Stored data entries:
────────────────────────────────────────

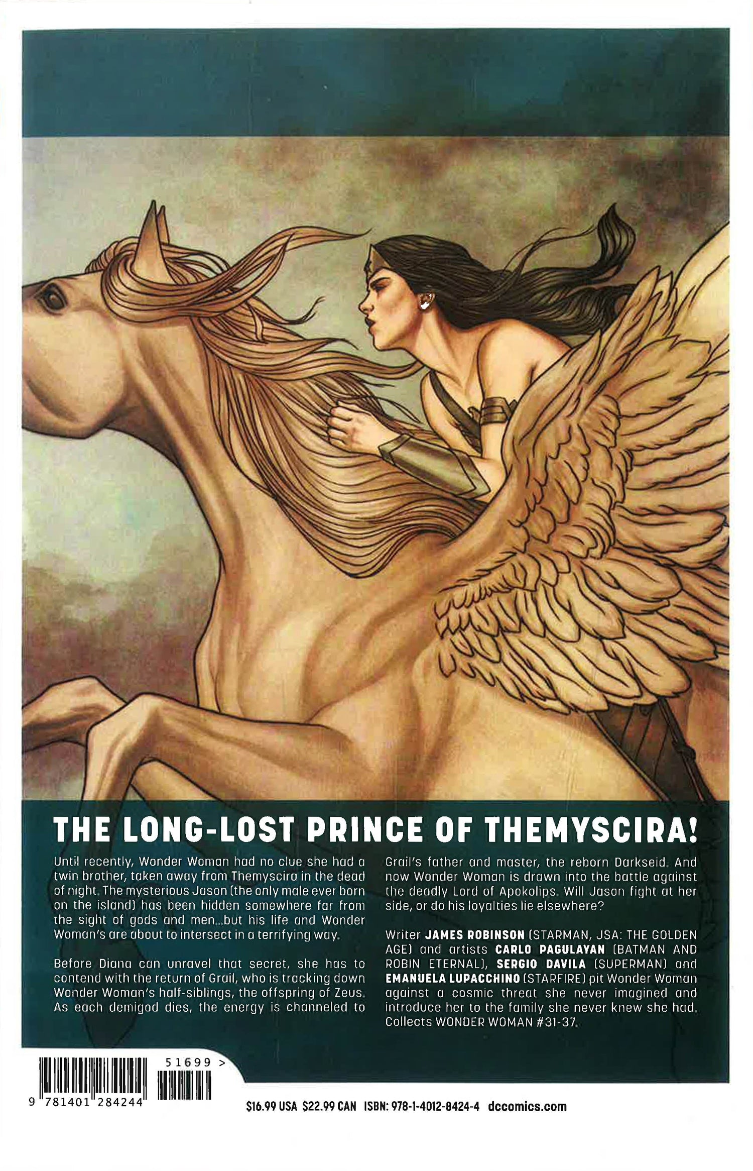 Spinning out of the pages of DC Universe: Rebirth and Justice League: Darkseid War, legendary writer James Robinson (JSA: The Golden Age, Starman) comes on board to answer one of the biggest questions of the year: Who is Wonder Woman's brother? Taken away from Themyscira in the dead of night, the mysterious Jason has been hidden somewhere far from the sight of gods and men...but his life and Wonder Woman's are about to intersect in a terrifying way, bringing them face to face with a cosmic threat they never imagined! From superstar writer James Robinson and artist Carlo Pagulayan comes the next great Wonder Woman epic in Wonder Woman Vol. 6: Children of the Gods! Collects Wonder Woman #31-37.
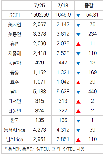 컨테이너 정기선 시황을 보면 SCFI가 7주 연속 하락했다. 관세 유예 만료전 관망세가 증가하며 북미항로 약세가 지속됐다.
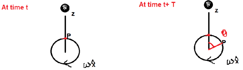 Now, since the Earth is rotating with constant angular velocity, PA = ## \omega R T##, where T is the time of the fall.
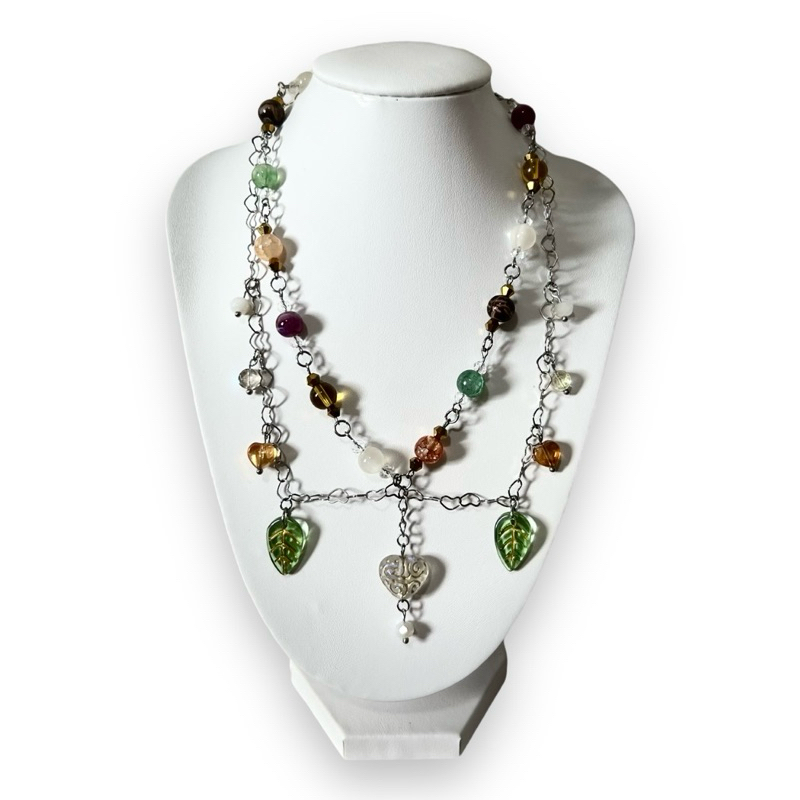 Colar Autumn Love: Colar em Aço Inoxidável, cristais, vidro, poliresina e pmma
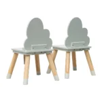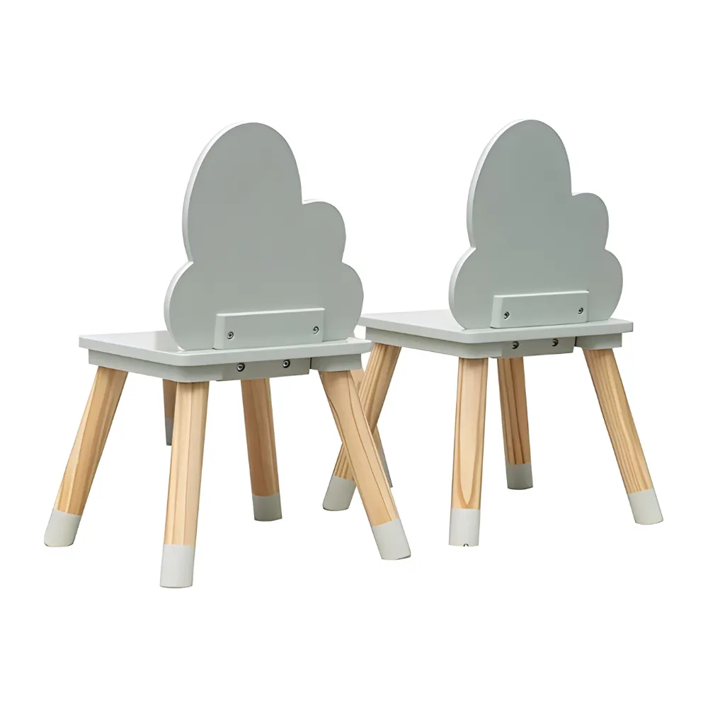 Las sillas tienen un diseño sencillo y funcional, con asientos cuadrados de madera clara y patas ligeramente inclinadas para mayor estabilidad. El tamaño y la altura del conjunto están diseñados para niños pequeños, permitiéndoles sentarse y trabajar cómodamente.
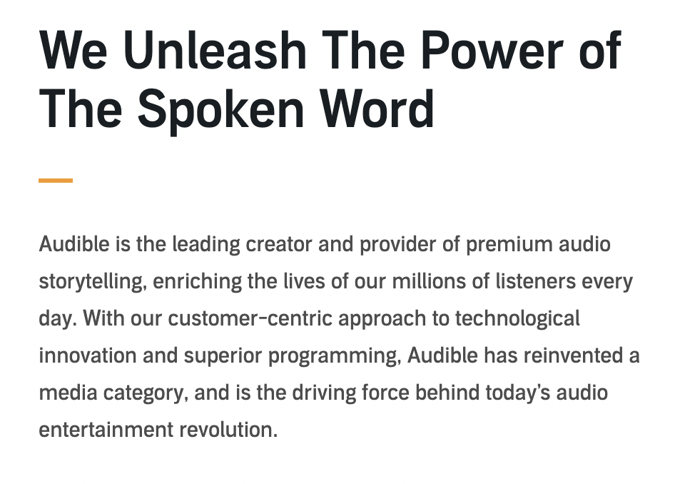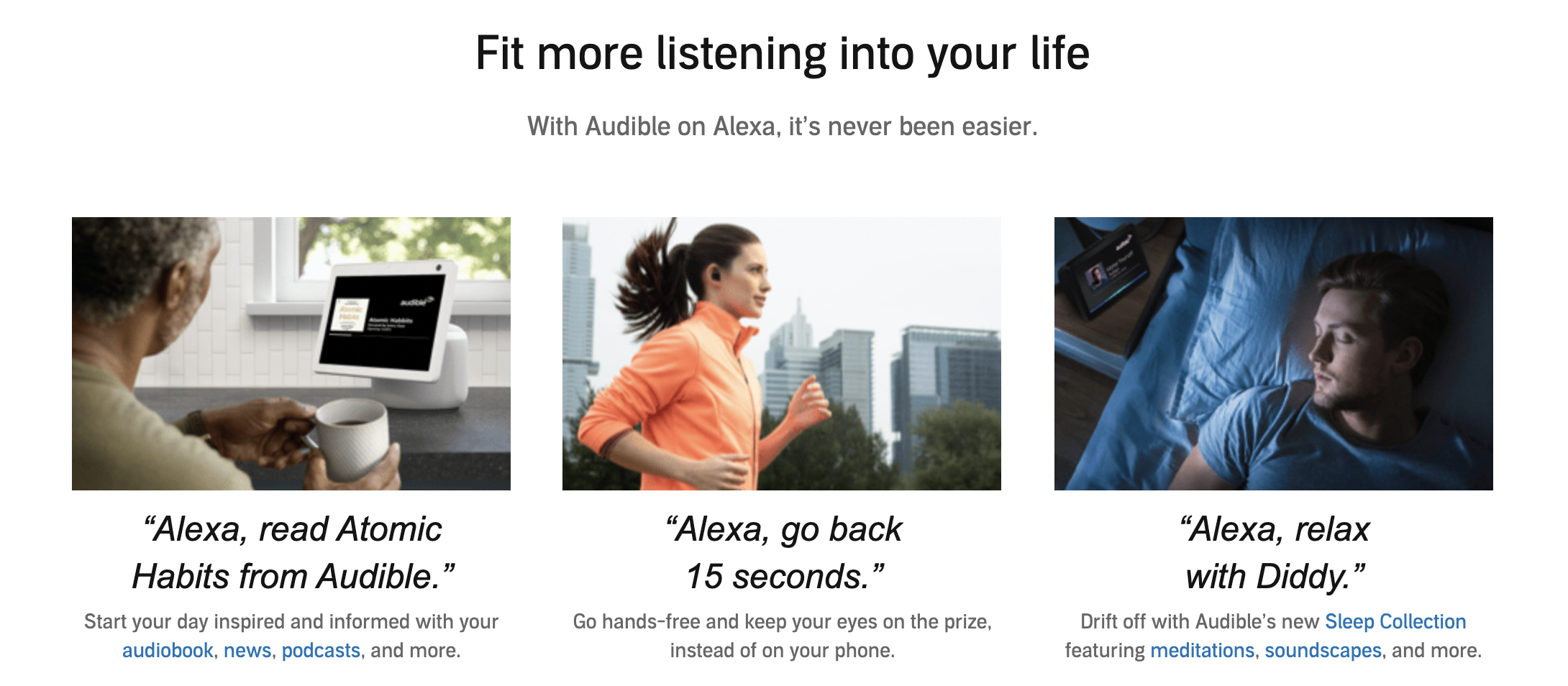 Working closely with the brand’s internal marketing teams, I’ve created and optimized the language and brand voice for content on the Audible App, Audible.com, and Amazon.com in the U.S., U.K., Mexico, and Germany. Next step: Italy.

────────────────────────────────────────

▸ What you are asked to do
Every line from the top of the entries through the line that holds "컨테이너 정기선 시황을" is to be quoted exactly, please, and nothing else; omit the pictures.

▸ Task answer
 Spinning out of the pages of DC Universe: Rebirth and Justice League: Darkseid War, legendary writer James Robinson (JSA: The Golden Age, Starman) comes on board to answer one of the biggest questions of the year: Who is Wonder Woman's brother? Taken away from Themyscira in the dead of night, the mysterious Jason has been hidden somewhere far from the sight of gods and men...but his life and Wonder Woman's are about to intersect in a terrifying way, bringing them face to face with a cosmic threat they never imagined! From superstar writer James Robinson and artist Carlo Pagulayan comes the next great Wonder Woman epic in Wonder Woman Vol. 6: Children of the Gods! Collects Wonder Woman #31-37.
 컨테이너 정기선 시황을 보면 SCFI가 7주 연속 하락했다. 관세 유예 만료전 관망세가 증가하며 북미항로 약세가 지속됐다.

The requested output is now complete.